Viewpoint: Take Broad View of CRE Lending

With the Troubled Asset Relief Program oversight panel warning that many banks face threats to their stability from commercial real estate losses, financial institutions, regulators, credit rating agencies and other industry participants have sharpened their focus on real estate workouts and refinancings.

Bank executives generally focus on the loans they must restructure, reschedule or foreclose on.

We suggest a broader view: This is an opportunity to comprehensively examine how CRE fits within a bank's overall business in light of credit and operational risk, return on capital and bank resources. This includes considering how carefully nurtured commercial and banking relationships that are crucial to long-term success can suffer if a high degree of care is not exercised when tightening lending standards and improving loan quality.

Attempting to avoid unnecessary hardships for affected clients is important. Equally important is managing regulatory mandates and expectations at a time when regulators are signaling their intent to revisit CRE in terms of concentrations, wholesale funding and underwriting standards.

An overarching regulatory standard is the use of risk-based analyses in the administration of financial institutions. In terms of CRE, this analysis extends beyond a review of market conditions, value of collateral and loan exit strategy to how CRE loans fit within a bank's core business strategy (including Community Reinvestment Act concerns). The analysis should include an honest look at the strengths and weaknesses in the bank's workout plan, including people, processes and systems in place, and adequate budgeting for internal cash-flow demands, including writeoffs, loan-loss provisions and unrecoverable restructuring fees and costs.

This is also an opportunity for a bit of introspection: Can the institution build internal mechanisms to prevent underwriting failings from recurring during the next business cycle? For example, should the bank require that modifications of credit standards be done only at a senior level and be reported to the audit committee?

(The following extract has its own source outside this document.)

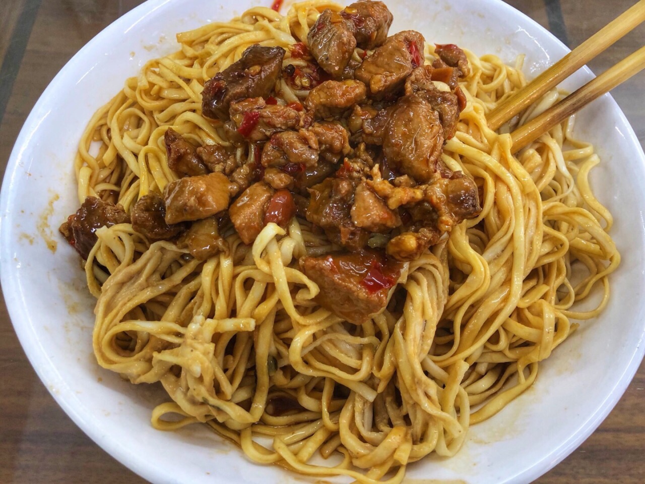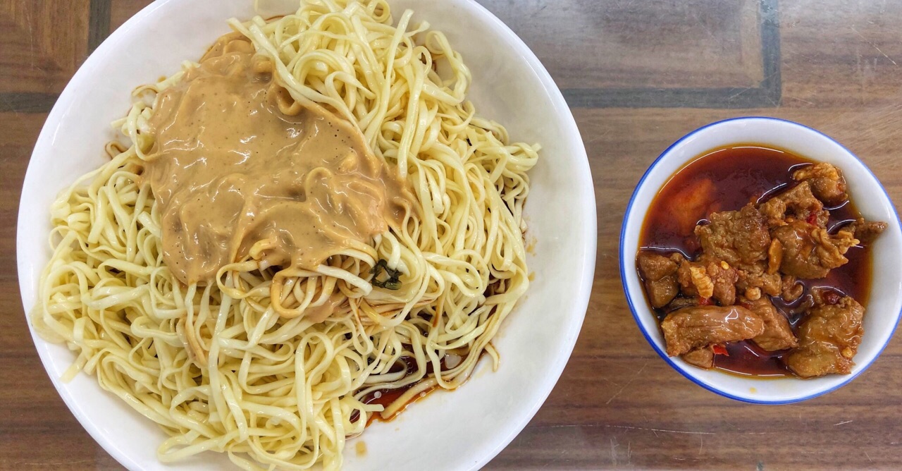 听闻开了几十年 在居民区里的面馆 本来想去附近的德兴馆 本着就近原则 选了它 规模还挺大的 周末晚市客流较少 老式的吊扇 老式的桌椅 服务员坐着休息 有些在吃晚饭 品种还是很多的 点心盖浇饭面食都有 夏季有冷面上市 可以微信买单 「素浇汤面」¥10 清汤挂面的浮着油面筋、香菇和葱花 讲真 光吃素浇还蛮入味的 甜口的表示喜欢 面条白皙偏柔软 对得起这份价格吧 「辣肉拌面」¥22 浇头和冷面分开的 冷面的调料需要自己拌匀 麻酱和花生酱略浓厚,醋放多了~辣肉空口吃也不赖 加入面条多一味辣度 两份面食都很普通 也没吃完 一个过于寡淡 一个过于浓厚

Analysis should lead to a top-down project tailored to the needs of the bank. As this plan is completed, executives should consider both current and future staffing levels. In times of stress, existing resources alone will almost always fall short of the skills, objectivity, global vision and, most importantly, time needed to do the job.

Interim staff can help create the systems and processes for a short-term program and fill in staffing during the execution phase. For example, employees familiar with a loan portfolio might maintain a role in workouts, but additional specialists may play a role in both short-term tactical needs (borrower's business plans, auction collateral appraisals) and long-term strategic needs, such as analyses of market or possible tax and equity investment structures.